Unravelling Mr. Darcy: A Pride and Prejudice Novella (A Dash of Darcy) Page 3
“She is an heiress.” Georgiana cocked her head to the side and fluttered her lashes at her cousin.
“I am not going to marry Anne,” Richard said with a laugh. “I would prefer a heartier sort of wife.” He held out his arm to her. “Shall we go call for some tea?”
“We absolutely must,” she said as she took his arm. “Are you going to marry Anne, Brother?”
“You know I am not,” Darcy replied as he followed them to the blue sitting room.
“And have you told Aunt Catherine?”
“No, I have not.”
“You should.”
“Yes, Darcy, you should,” Richard said with a smirk.
Darcy shook his head. “You are both incorrigible — which I must tolerate from Richard but would rather not see in you, Georgiana.” He was actually glad to see her smiling and teasing. She had spent so many months brooding over her near ruin and mending her broken heart that to have her tease, even if it bordered on being entirely too impertinent, was encouraging. He winked at her and received a smile in return.

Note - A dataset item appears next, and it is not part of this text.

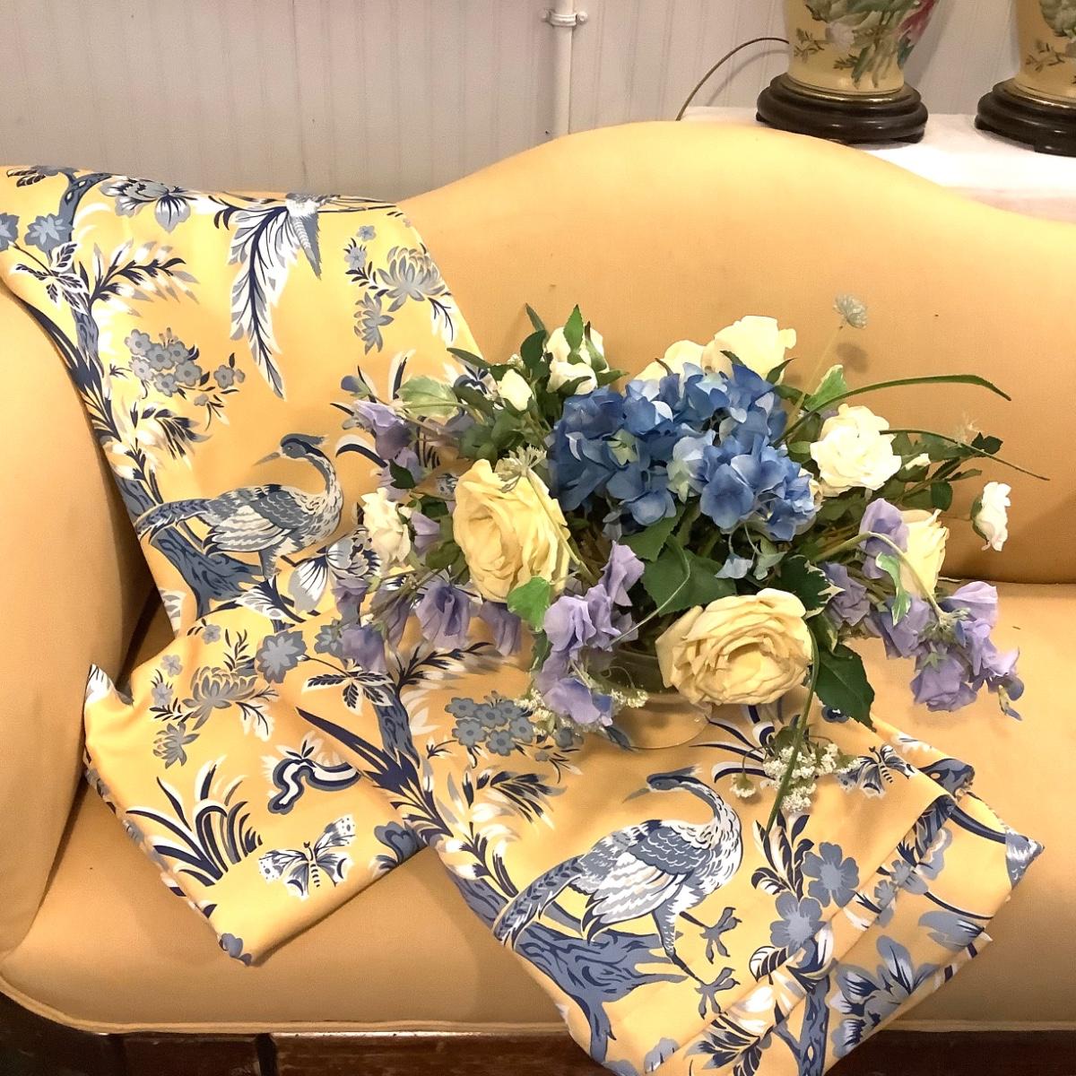 349 Three Lined Half Moon Yellow and Blue Panels with Faux Arrangement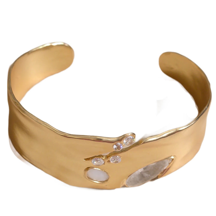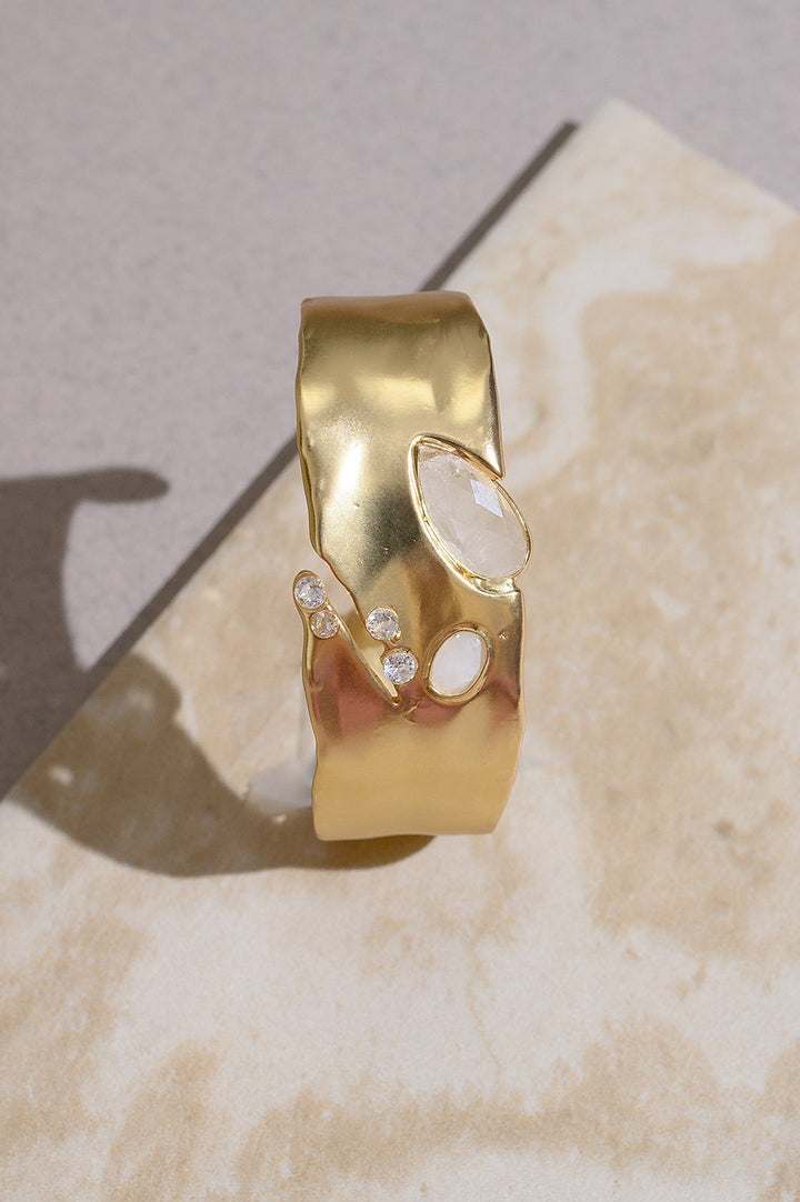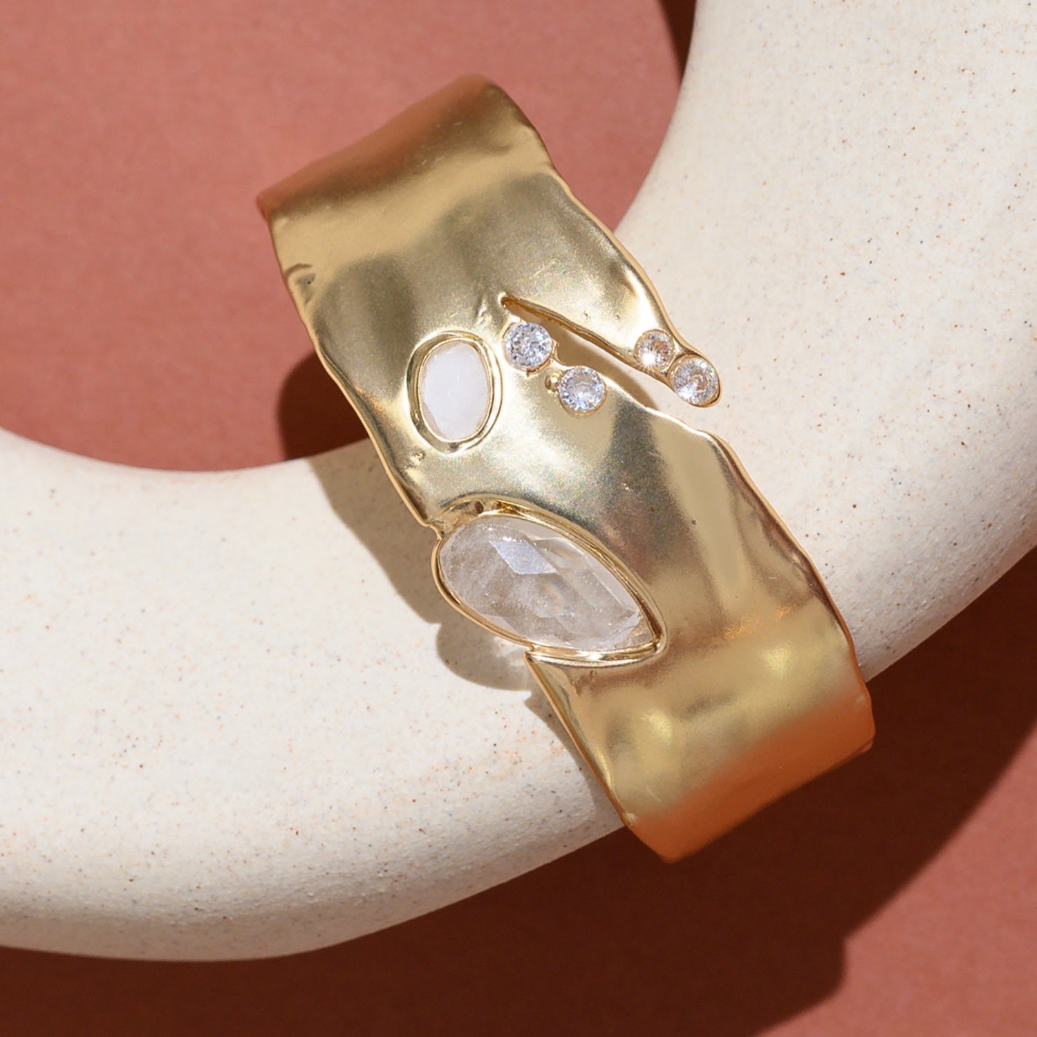 This cuff bracelet is made from Brass (80%) with 14kt Real Gold Plating (10%) and features Clear Quartz Gemstones and CZ (10%). It is handcrafted.

“Once you tell Aunt Catherine, do you think she will allow Anne to come to town for a season?” Georgiana took a seat in what Darcy knew to be her favourite chair — the blue one near the window that overlooked the street.
“It would be Anne’s best chance to find a husband,” Richard answered, “but I am uncertain her health could endure a season.”
Georgiana bit her lip. Darcy knew that look well.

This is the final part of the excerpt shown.